Only now, I'm not sure what I'm feeling. Or if I even am happy.

Am I satisfied with what I've found? Am I satisfied my memory is back? 

Or is this just a burden in disguise? Did I make a mistake? I honestly don't know. Only time will tell I guess.

But for now I must focus on the task at hand. Finding my father. I needed to hear the words from his mouth, to see what he wanted to say. What I would say to him? That I had no idea. He probably would be shocked to see me. He thought I was dead.

You may wonder why he thought I was dead when I had clearly attacked Eknarah. Yes, I know, however I didn't want Eknarah to see me at the time. I wanted to strike betrayal and fear into their hearts when I finally slaughtered my father.

But now.... did I want to slaughter him? He didn't leave me behind but he never tried to save me or anything.... no one ever tried to save me.

With all these jubbled up thoughts in my head, I felt dizzy and had to stop and breath. I had no idea how long I'd been running but it was definitely far. Far enough to make me feel dizzy. I wasn't tired, being a Shadow Knight obviously, but I was dizzy. Why? I had no idea. Shadow Knights are immune to pain.

Maybe not mental pain.

I massaged my temples, taking in deep breaths. I had to keep moving. I had to ignore everything inside me and just keep going. There was a person I needed to see and I needed to see them now.

I slammed my back against a tree and slowly slid to the ground. I pulled out my Shadow Sword. It was encased in lava and blood of the mighty and gleamed in the little light that was provided during night. It told a story. A brutal one that involved many deaths and sabotages. Many had fallen to this blade.

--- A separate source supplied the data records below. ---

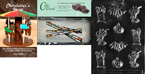 Cybrtrayd "Assorted with Bat" Chocolate Mold with Chocolatier's Bundle, Includes 50 Cello Bags and 50 Happy Halloween Twist Ties
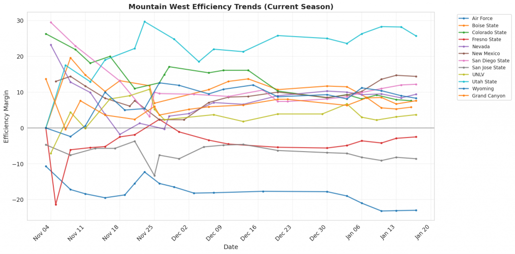 Figure 1: Efficiency margin trends for Mountain West teams throughout the season. Teams trending upward show improving performance, while downward trends indicate struggles.
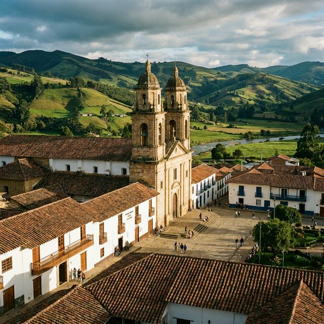 A peaceful colonial town with a grand plaza and beautiful Andean rolling hills.
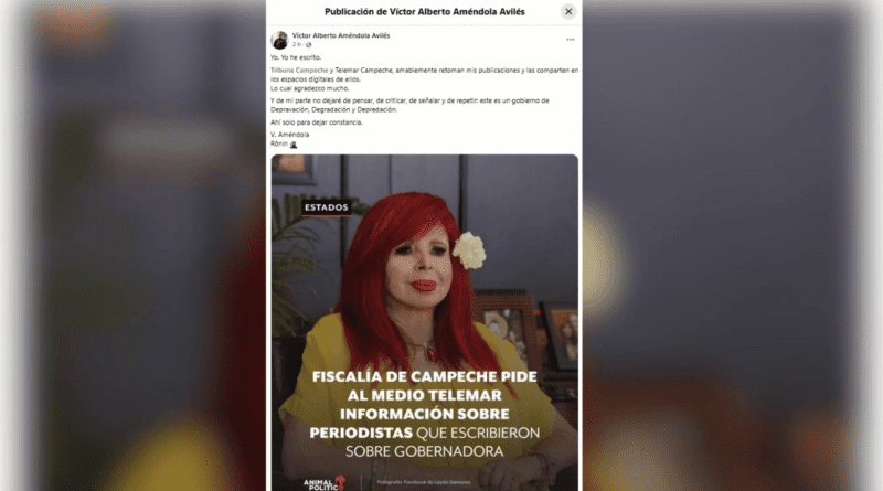 El exdirigente perredista refirió: “Yo. Yo he escrito. Tribuna Campeche y Telemar Campeche, amablemente retoman mis publicaciones y las comparten en los espacios digitales de ellos. Lo cual agradezco mucho. Y de mi parte no dejaré de pensar, de criticar, de señalar y de repetir: este es un Gobierno de Depravación, Degradación y Depredación. Ahí sólo para dejar constancia. V. Améndola”.
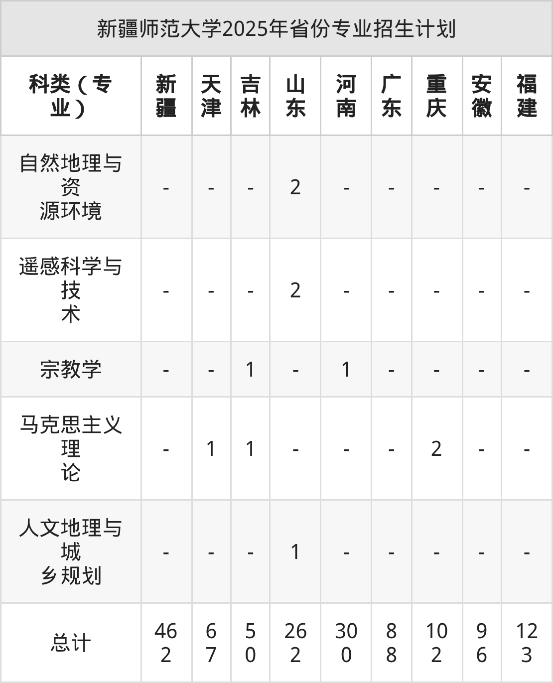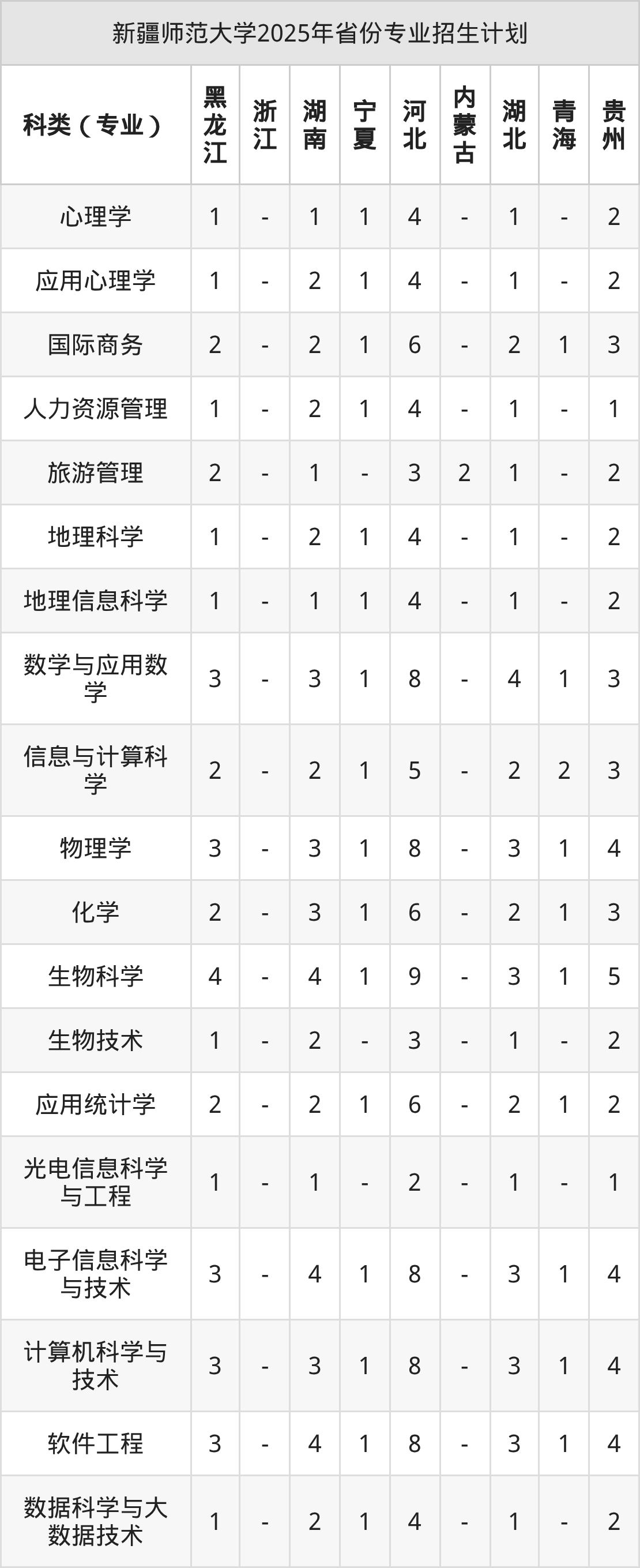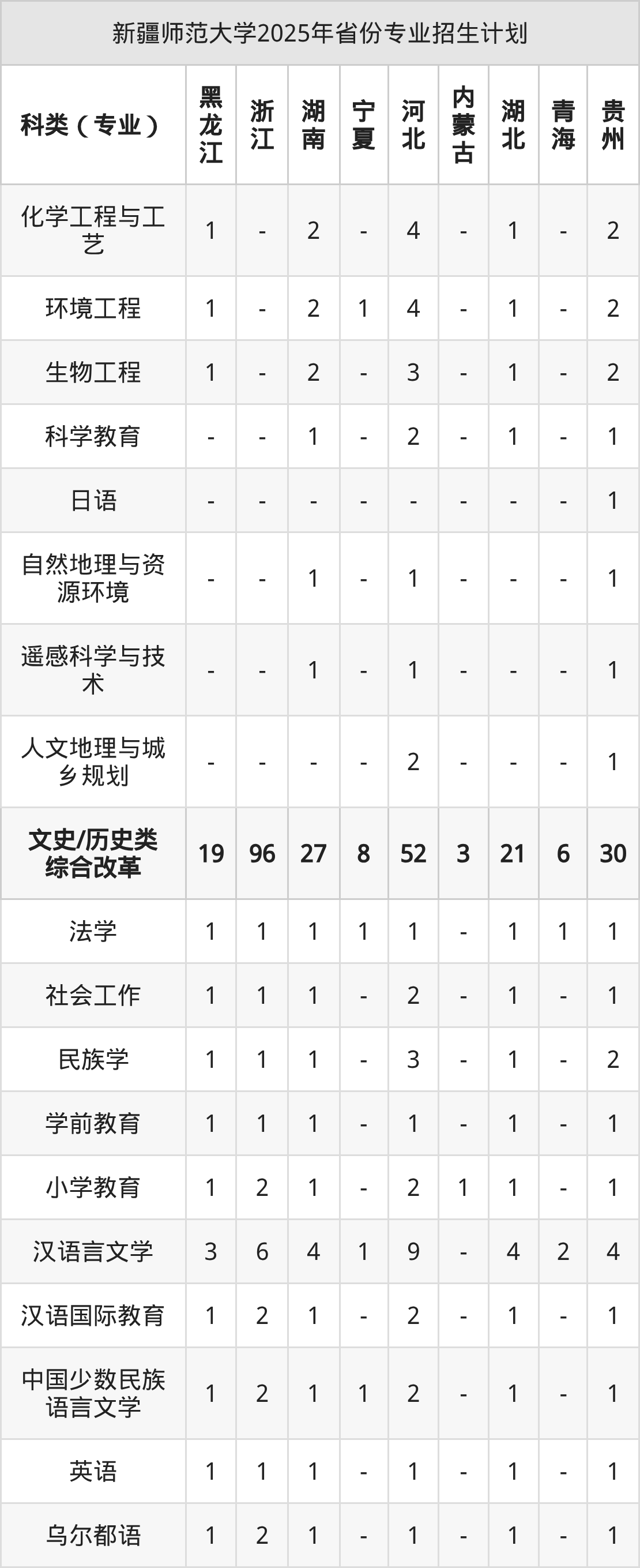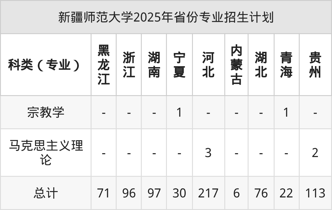 而各省份的招生计划数为宁夏30人,河北217人,内蒙古6人,贵州113人,新疆462人等。

Many had known it to be the one that stabbed them in the back after I was done spying their village.

I had destroyed so many villages, leaving no survivors. No one knew of me. No one. Not a single village had managed to alert nearby villages of my name and my calling. No one knew I was a Shadow Knight.

It would definitely be a shocker once I told my father, if I decided to that is.

Sucking in my breath, I rose up and began to run once more, tuning out my surrounds and  zooming in on the obstacles in my path. Just keeping running. Ignore everything. Ignore all the thoughts.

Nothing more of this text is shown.